→ **What you have to do**: Without the pictures, output the records below exactly as they are.

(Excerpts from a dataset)
════════════════
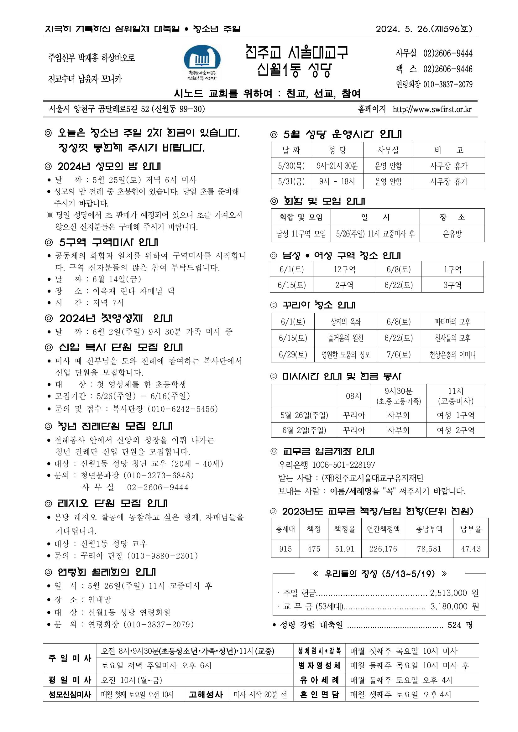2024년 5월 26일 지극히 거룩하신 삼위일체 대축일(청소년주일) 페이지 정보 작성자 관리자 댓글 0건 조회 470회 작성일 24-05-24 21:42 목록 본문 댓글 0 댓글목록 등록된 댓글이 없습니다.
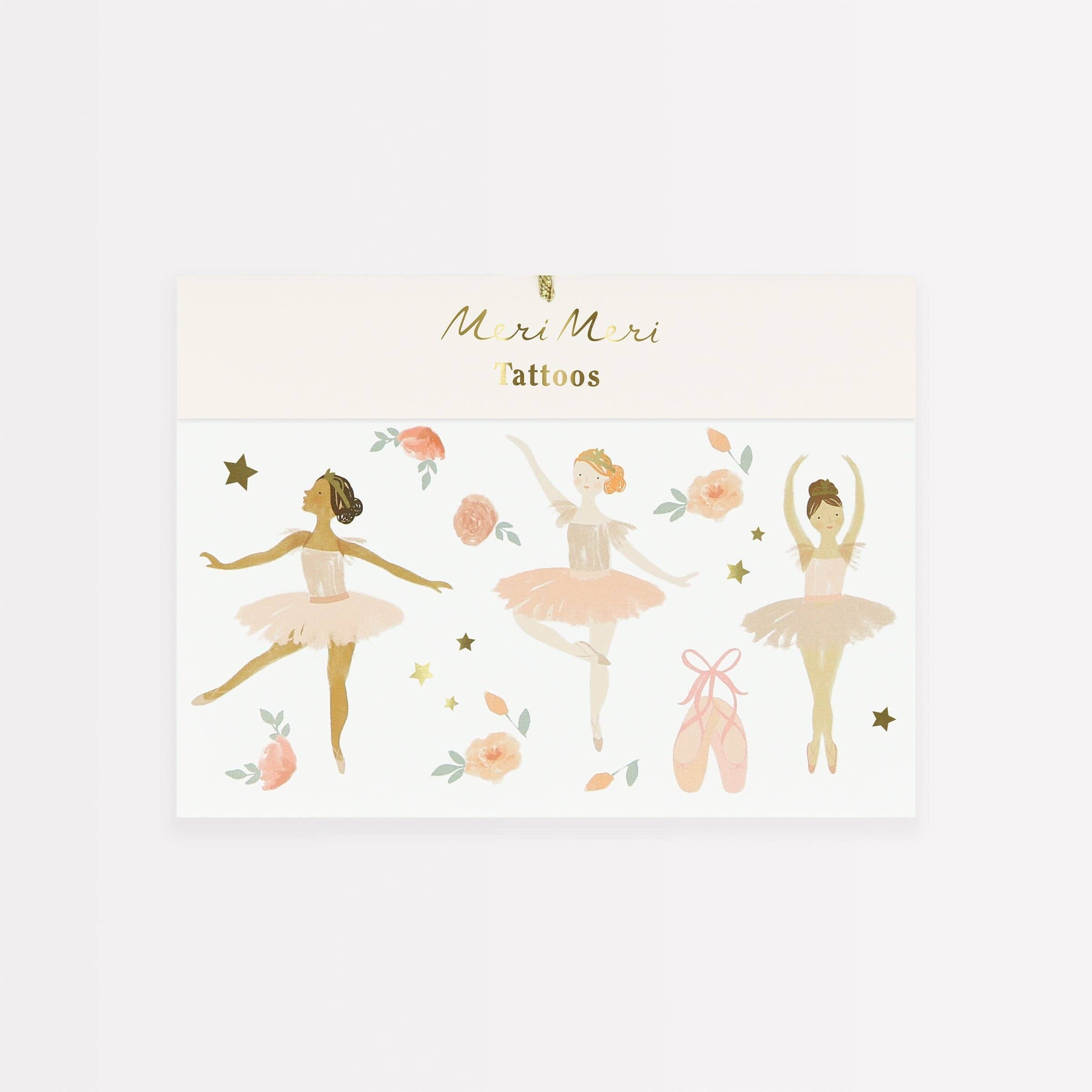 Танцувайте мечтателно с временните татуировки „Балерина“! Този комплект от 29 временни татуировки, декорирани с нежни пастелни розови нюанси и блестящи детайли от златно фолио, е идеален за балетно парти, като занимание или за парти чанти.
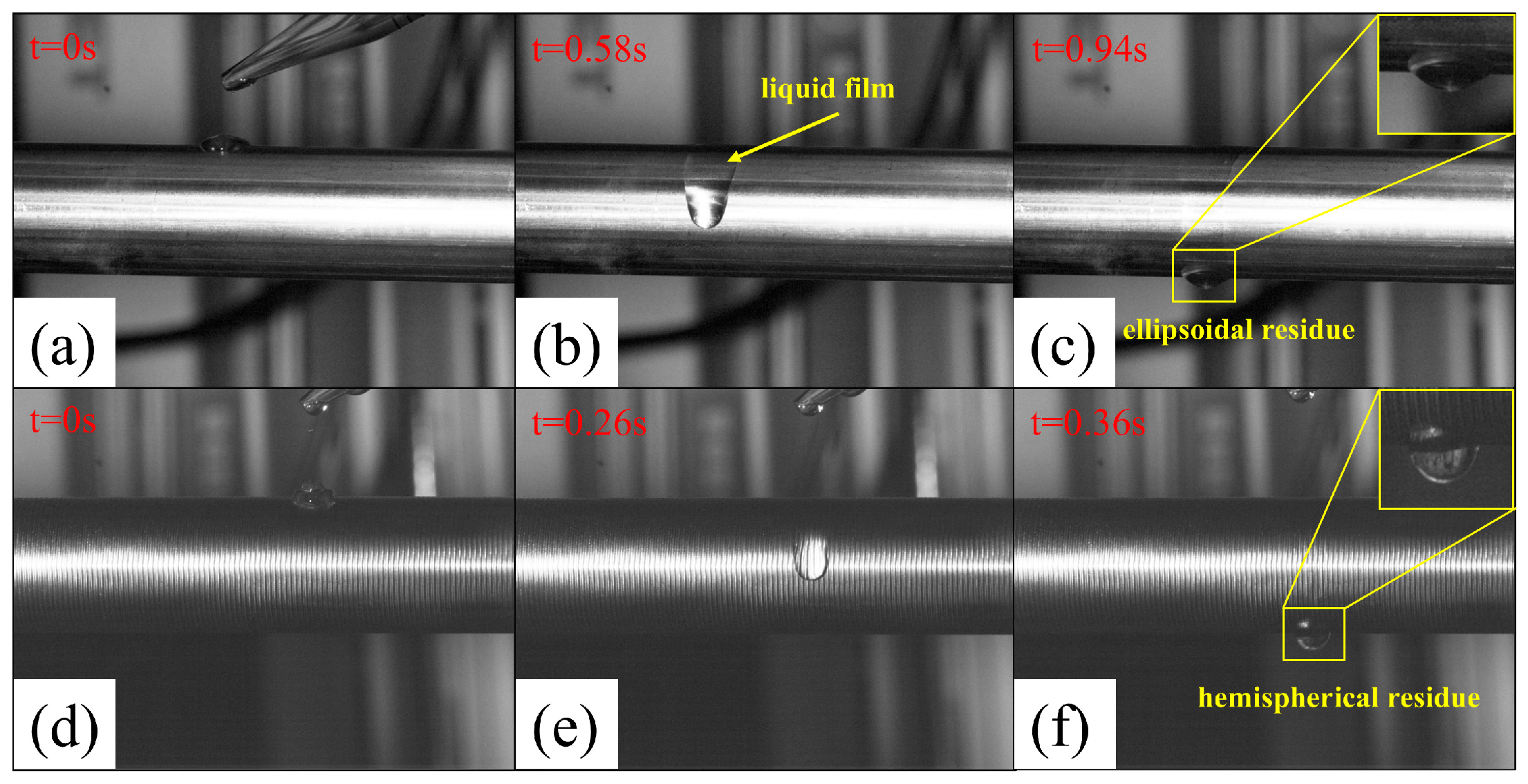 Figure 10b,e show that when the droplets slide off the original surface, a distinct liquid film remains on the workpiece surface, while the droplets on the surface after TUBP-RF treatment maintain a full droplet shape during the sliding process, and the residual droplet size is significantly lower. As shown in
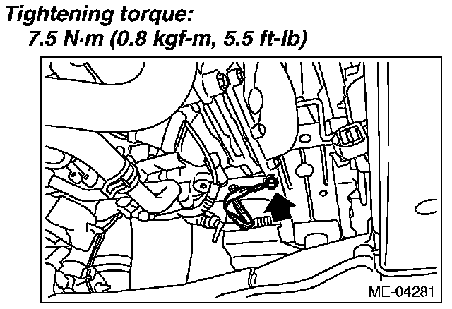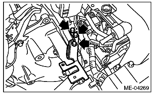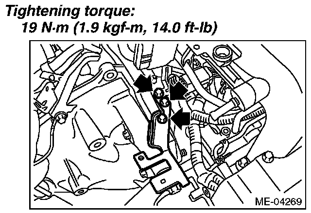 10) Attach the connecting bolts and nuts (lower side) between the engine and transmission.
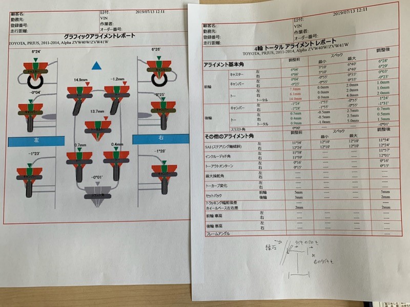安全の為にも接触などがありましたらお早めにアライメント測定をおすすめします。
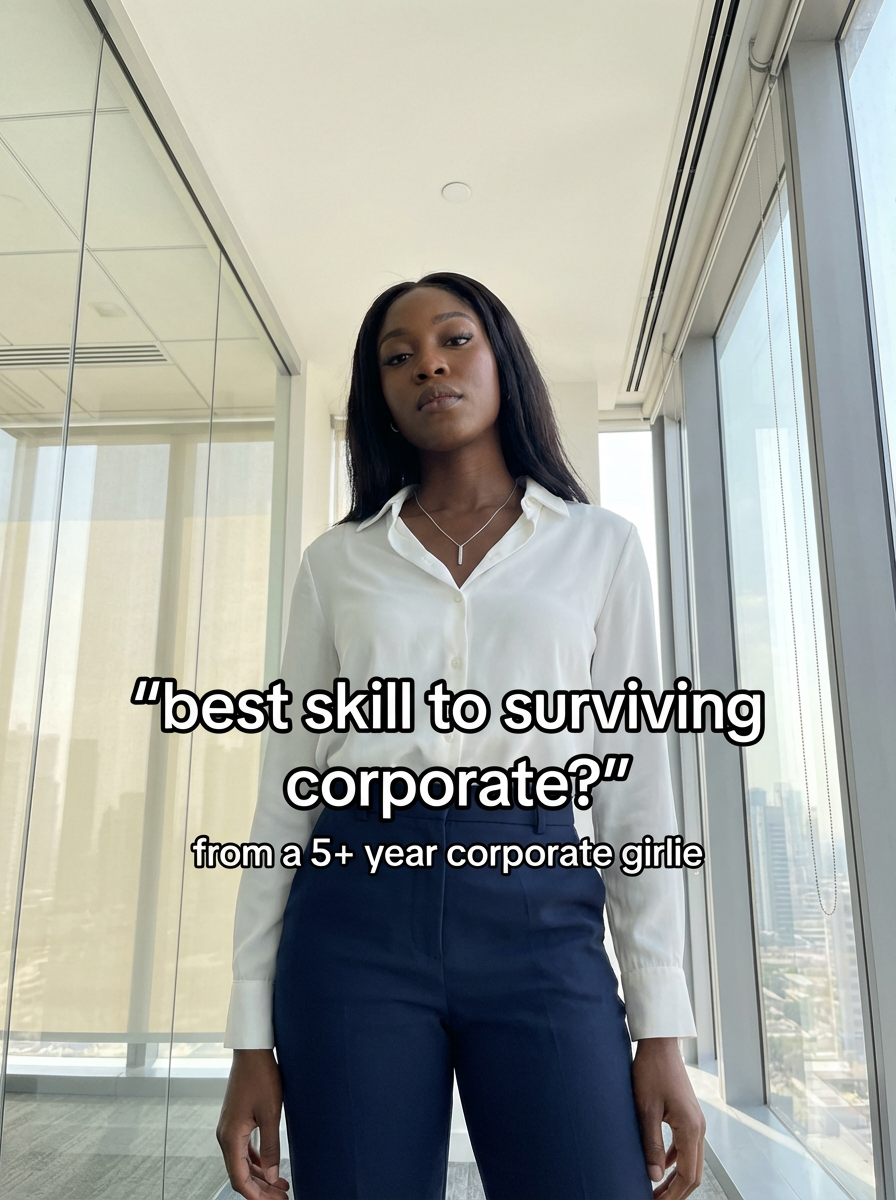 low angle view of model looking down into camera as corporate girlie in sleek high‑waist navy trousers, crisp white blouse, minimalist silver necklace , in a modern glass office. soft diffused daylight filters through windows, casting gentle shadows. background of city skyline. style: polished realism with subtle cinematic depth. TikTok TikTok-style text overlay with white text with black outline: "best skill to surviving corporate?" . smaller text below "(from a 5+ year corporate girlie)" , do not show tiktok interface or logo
════════════════
→ **Answer**:
2024년 5월 26일 지극히 거룩하신 삼위일체 대축일(청소년주일) 페이지 정보 작성자 관리자 댓글 0건 조회 470회 작성일 24-05-24 21:42 목록 본문 댓글 0 댓글목록 등록된 댓글이 없습니다.
 Танцувайте мечтателно с временните татуировки „Балерина“! Този комплект от 29 временни татуировки, декорирани с нежни пастелни розови нюанси и блестящи детайли от златно фолио, е идеален за балетно парти, като занимание или за парти чанти.
 Figure 10b,e show that when the droplets slide off the original surface, a distinct liquid film remains on the workpiece surface, while the droplets on the surface after TUBP-RF treatment maintain a full droplet shape during the sliding process, and the residual droplet size is significantly lower. As shown in
 10) Attach the connecting bolts and nuts (lower side) between the engine and transmission.
安全の為にも接触などがありましたらお早めにアライメント測定をおすすめします。
 low angle view of model looking down into camera as corporate girlie in sleek high‑waist navy trousers, crisp white blouse, minimalist silver necklace , in a modern glass office. soft diffused daylight filters through windows, casting gentle shadows. background of city skyline. style: polished realism with subtle cinematic depth. TikTok TikTok-style text overlay with white text with black outline: "best skill to surviving corporate?" . smaller text below "(from a 5+ year corporate girlie)" , do not show tiktok interface or logo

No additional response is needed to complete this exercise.